The Final Geithner Tally: TARP Bailout Pays Big Dividends For Taxpayers

As U.S. Secretary of Treasury Timothy Geithner steps down, Treasury released a January 18, 2012 update on the Troubled Asset Relief Program (“TARP”). This most recent update highlights an often misunderstood reality — Geithner’s signature program was a smashing success. As to the bailout of the too-big-to-fail banks and AIG, the truth is that TARP has generated tens of billions of dollars in profit for American taxpayers.

The hallmark of Treasury’s work during Mr. Geithner’s tenure has been its administration of the TARP. Although created in 2008 under the previous Secretary, Henry Paulson, Mr. Geithner has had responsibility for enlarging and steering TARP since January 2009. TARP came under significant criticism for use of taxpayer funds to bail out banks from diverse constituencies, spawning both the “Occupy” movement and contributing to the 2010 Republican takeover of the House of Representatives. Nevertheless, Mr. Geithner and the Treasury Department argued that TARP ultimately would produce a profit for the government. Four years later, that forecast has proven correct, at least with respect to funds provided to financial institutions, as many TARP investments have generated tens of billions of dollars in profit for American taxpayers.

The Capital Purchase Program (“CPP”) has been the primary driver of federal profits. The CPP made funds available for the Treasury Department to purchase mortgages, mortgage-backed securities, and preferred stock from financial institutions. Treasury disbursed nearly $205 billion under the CPP and, according to the Treasury’s January 18, 2012 TARP update, already has received over $220 billion in total cash back, a return of over 7%. This profit was mainly the result of dividends and gains received through Treasury’s ownership of bank stock and other assets.

Treasury’s investment in AIG also has been particularly profitable for the federal government.

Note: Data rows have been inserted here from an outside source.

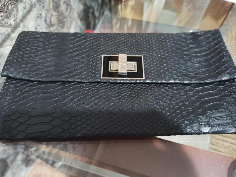Черный клатч под змеиную кожу. Есть возможность прикрепить ручку. Состояние хорошее, повреждений нет. Кармашек в средине со змейкой.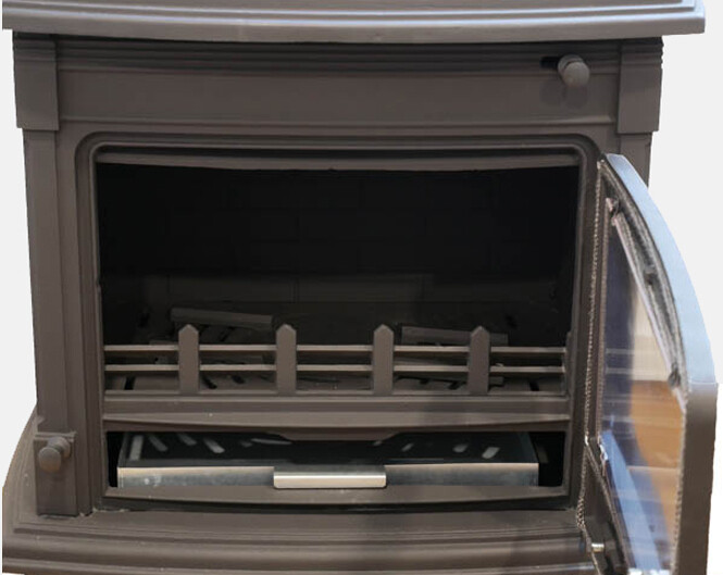 Deze kachel heeft een brandbed en schutrooster waarop gestookt wordt, een grote aslade en een keerplaat boven de kachel. Ook heeft deze kachel heeft een extra lucht toevoer aan de onderkant om extra lucht te kunnen aanzuigen. Daarnaast is deze houtkachel ook voorzien van een schudrooster.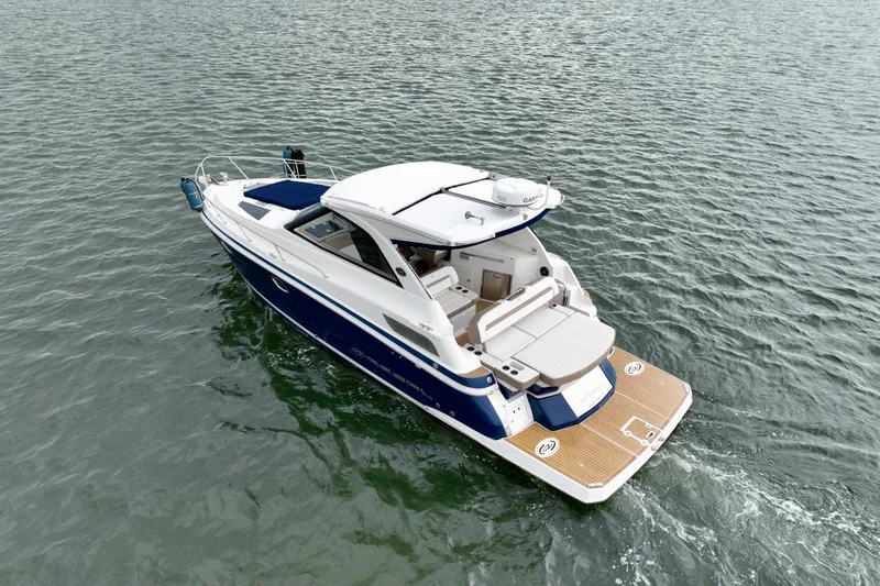 The Regal 35 Sport Coupe is one of Regal's most sought-after express cruisers, offering the perfect balance of performance, luxury, and all-weather usability. Powered by twin Volvo Penta 300-hp V8 engines with joystick docking and showing only 360 original hours, this vessel delivers strong acceleration, efficient cruising, and effortless maneuverability in tight quarters.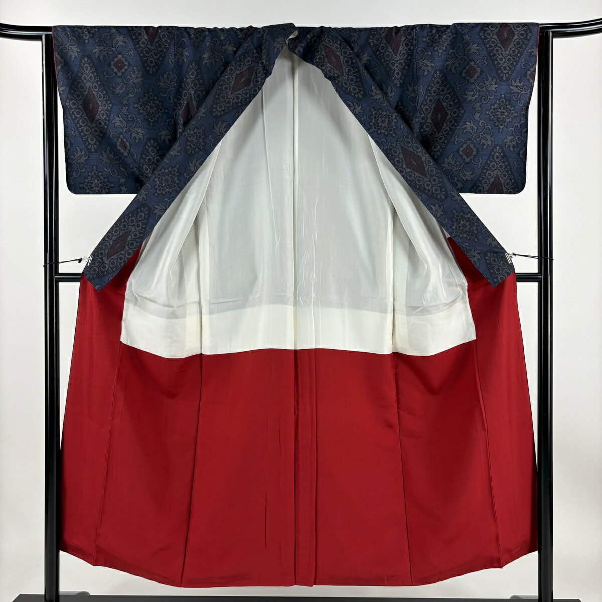 着物ランク 秀品 素材 正絹 色 紺色 身丈 約150cm 裄丈 約64cm 袖丈 約46cm 袖幅 約33cm 前幅 約25cm 後幅 約31cm サイズ M 着物仕立て 袷 着用時期 10~5月 コメント 普段着やおしゃれ着として人気の紬でございます。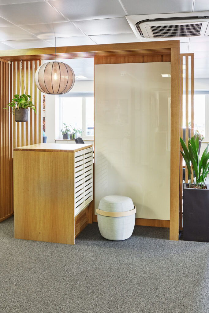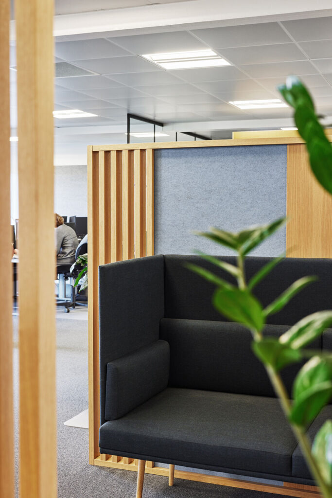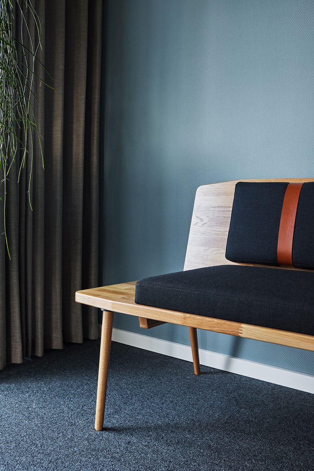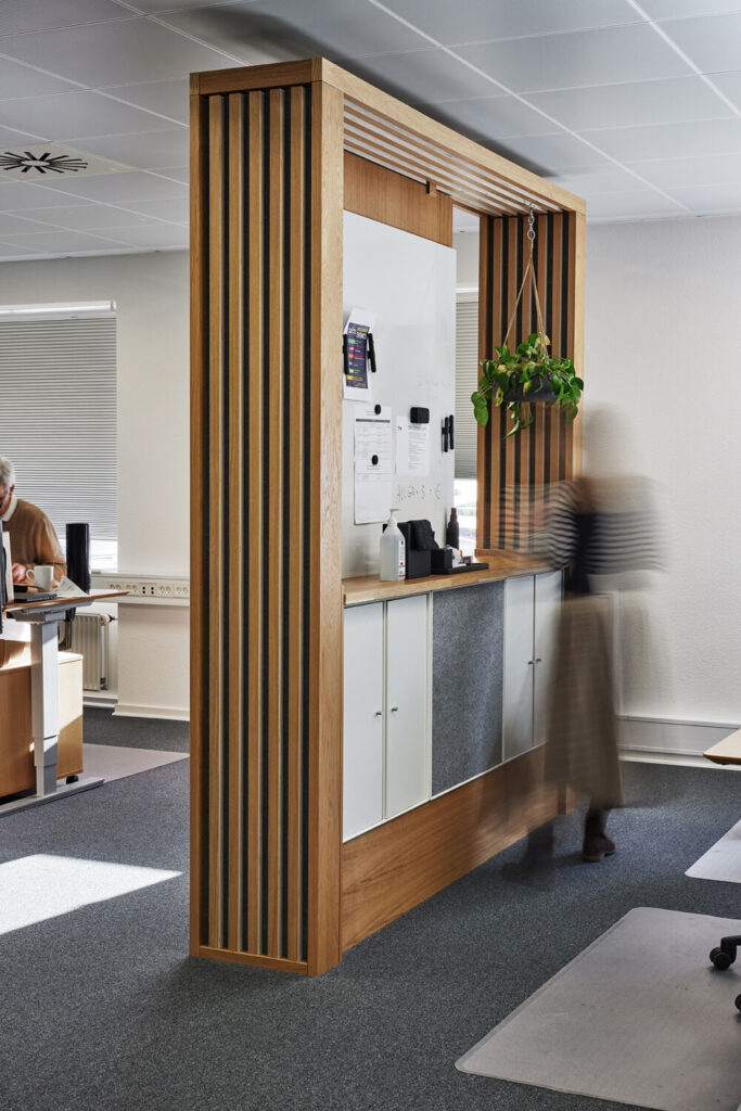 Med de forskellige rumdelere og paneler har vi arbejdet på forbedring af akustik i alle rum. Til dette brugte vi tekstil fra Kvadrat.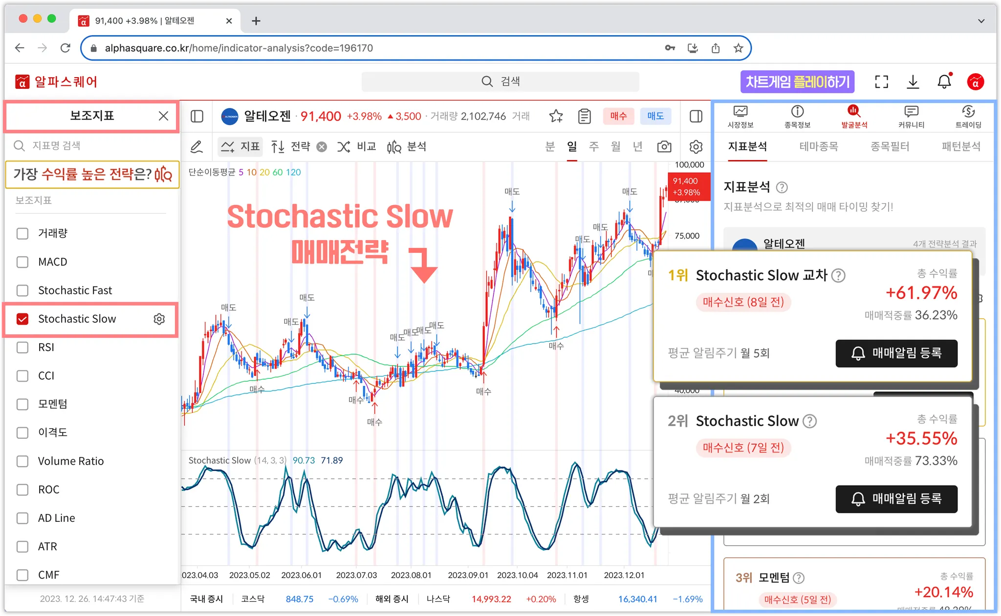 ’지표분석’에서 스토캐스틱 슬로우 매매전략 수익률 확인하기

Over $182 billion went to stabilize the troubled insurer in exchange for virtually all of AIG’s common stock. Since January 2011, Treasury has conducted six public offerings of AIG shares generating a total profit of over $22 billion. Treasury continues to own warrants to purchase approximately 2.7 million shares of AIG common stock, which may be sold for additional positive return to taxpayers.

With tens of billions in realized profits on its financial institution investment, the bank bailout has largely been a resounding financial success for the government and for taxpayers. Nevertheless, the common perception that the government “gave” hundreds of billions of dollars to the banks, much of which was paid out in executive bonuses, persists despite this success. The performance of the banking industry also stands in contrast to the funds extended to automotive-related companies – which have nearly $30 billion in funds outstanding and have already suffered write-offs and losses in excess of $10 billion – and the $187.5 billion bailout of the government-sponsored entities Fannie Mae and Freddie Mac, for which the taxpayers are still owed $137 billion. The profits realized by Treasury through TARP are illustrative of the resiliency of the U.S. banking system and the speed with which it returned to profitability after the financial crisis.